Wednesday, July 9, 2014

You can be patient or become one

Raise your hand if you have been advised to develop more patience. [picturing all hands up]

Raise your hand if you heeded the advice. [picturing fewer hands up]
I was advised to do the same earlier in my career, and I recall thinking patient people were just slow, out of touch, and wishy-washy. Why couldn’t they just make a decision, I bemoaned. One of my mottos to this day is, “Let’s go!” which is not really the motto of patient people.

It has taken me a while, but it turns out, those advising of patience knew what they were talking about. I finally have developed patience and have observed five things about it that are worth sharing:
  1. Patience brings perspective. If you slow down to think things through, you are more capable of seeing more to the story of any situation. The newly expanded perspective will enable you to present yourself better to others.
  2. Patience yields better results. When you are calm, cool, and collected, your brain works differently than when it is under duress; therefore, you are able to be more creative and identify better solutions for whatever is causing the impatience.
  3. Patience builds relationships.
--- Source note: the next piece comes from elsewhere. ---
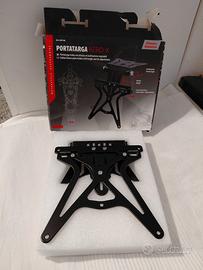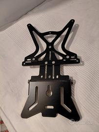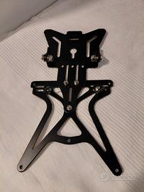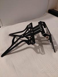 Porta targa AeroX. Altezza e inclinazione regolabili. Elevata compatibilità grazie ampie asole di fissaggio. Alluminio e inox. Mai usato.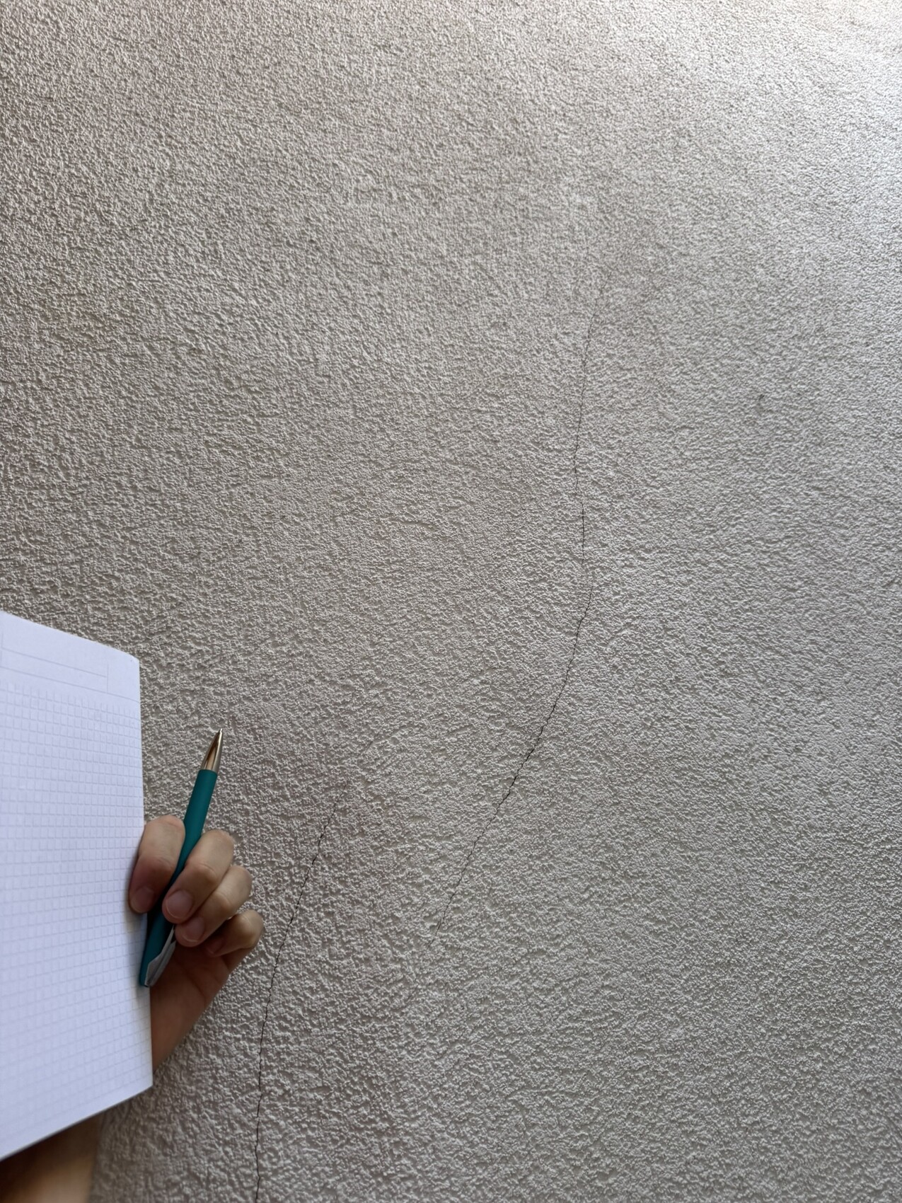 Eine Hand hält Notizbuch mit Graphpapier und türkisfarbenen Bleistift vor Wand mit Riss.

Our leaders are pressured to improve performance, while staff is pressured to do more with less. Our leaders want to build effective teams, while staff wants decisions made faster. The complexity of business today adds to the pressure everyone feels, and it is testing patience of staff at all levels. Today’s workplace calls for patience, as does the marketplace.
  4. Patience opens eyes and doors. When you are patient with someone who sees things differently than you, you can learn from them. Your openness can lead to more opportunities.
  5. Patience is a mirror. When you get impatient with a colleague (or, child), think about the cause of your impatience. You might discover that you contributed to the cause of your own impatience and frustration. Perhaps you didn’t train the colleague well or were unclear about expectations.
The next time you get impatient with someone, reflect on the bigger picture, potential solutions, your relationship, opportunities, and your contribution to the situation. Your reflection will allow you to see your maturity as a leader and your impact on others. Patience is not about waiting a long time; it is about how one behaves while waiting.

What else have you noticed about patience?